Profiling BGP Serial Hijackers: Capturing Persistent Misbehavior in the Global
Routing Table
BGP hijacks remain an acute problem in today's Internet, with widespread
consequences. While hijack detection systems are readily available, they
typically rely on a priori prefix-ownership information and are reactive in
nature. In this work, we take on a new perspective on BGP hijacking activity: we
introduce and track the long-term routing behavior of serial hijackers, networks
that repeatedly hijack address blocks for malicious purposes, often over the
course of many months or even years.
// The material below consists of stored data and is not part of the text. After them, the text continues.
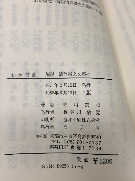 タイトル:わが信念: 解説清沢満之文集抄 文明堂 寺川 俊昭
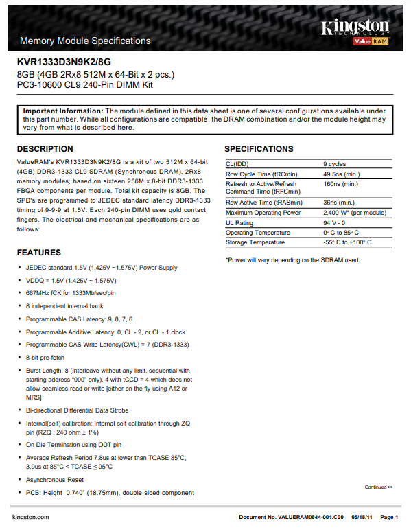 KVR1333D3N9K2/8G 8GB (4GB 2Rx8 512M x 64-Bit x 2 pcs.) PC3-10600 CL9 240-Pin DIMM Kit
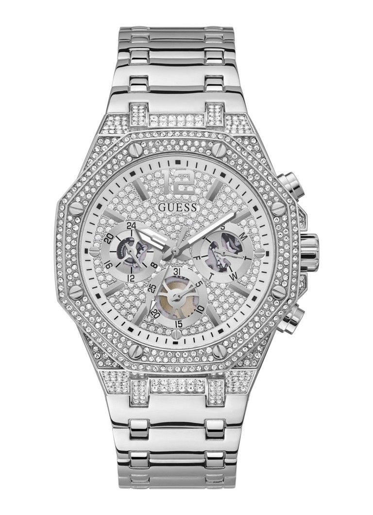 De Momentum is een waar sieraad om je pols. Dit nieuwe GUESS zilverkleurige heren horloge schittert van alle kanten! De kast heeft een diameter van 40 mm en is een echte eye-catcher. Het horloge is tot 5 ATM waterdicht. Dit model heeft een zilverkleurige chronolook wijzerplaat met dag, datum en 24 uursaanduiding met briljant geslepen zirconia stenen voor een extra sparkle. Een horloge en sieraad voor de mode bewuste man! Model: GW0419G1.
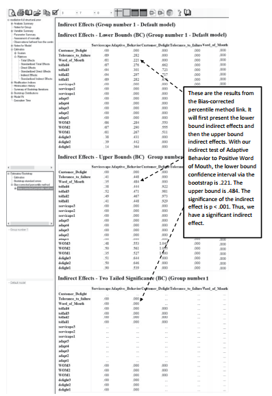To determine if the indirect effect of Adaptive Behavior to Positive Word of Mouth is significant, we need to request from AMOS the indirect, direct, and total effects in the output.This will give all pos- sible indirect effects in the model. To do this, select the Analysis Properties button
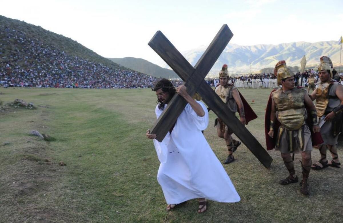 La célebre Vida y Pasión de Dios Hombre, obra artística que narra la vida de Jesús desde su nacimiento hasta su crucifixión, tendrá dos presentaciones: la obra dirigida por Carlos Kanán ofrecerá funciones viernes y sábado, a partir de las 16 en el predio Ojo de Agua con entrada libre y gratuita. La puesta en escena se despliega en un escenario natural rodeado de cerros y bellos paisajes.
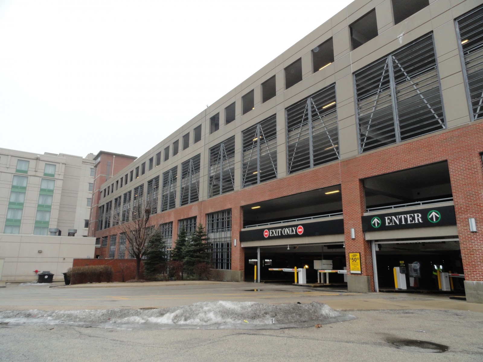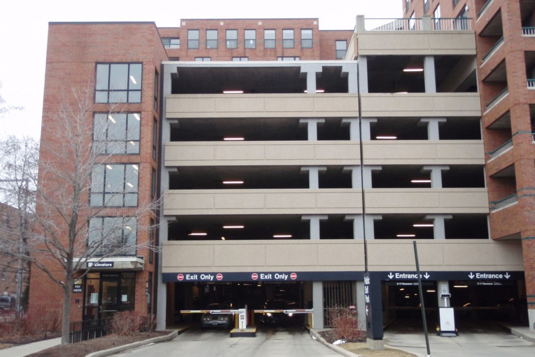 Three garages owned by the City of Evanston were the subject of this project—the five-story Church Street Garage, built in 1989; the six-story Maple Avenue Garage, built in 2000; and the twelve-story Sherman Plaza Garage, built in 2004. Each garage is constructed of post-tensioned concrete slabs and each has a facade consisting primarily of precast concrete.
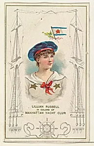 Lillian Russell in Colors of Manhattan Yacht Club, from the Yacht Colors of the World series (N140) issued by Duke Sons & Co. to promote Honest Long Cut Tobacco

Based on a ground truth dataset that we
construct by extracting information from network operator mailing lists, we
illuminate the dominant routing characteristics of serial hijackers, and how
they differ from legitimate networks. We then distill features that can capture
these behavioral differences and train a machine learning model to automatically
identify Autonomous Systems (ASes) that exhibit characteristics similar to
serial hijackers. Our classifier identifies ≈ 900 ASes with similar behavior in
the global IPv4 routing table. We analyze and categorize these networks, finding
a wide range of indicators of malicious activity, misconfiguration, as well as
benign hijacking activity. Our work presents a solid first step towards
identifying and understanding this important category of networks, which can aid
network operators in taking proactive measures to defend themselves against
prefix hijacking and serve as input for current and future detection systems.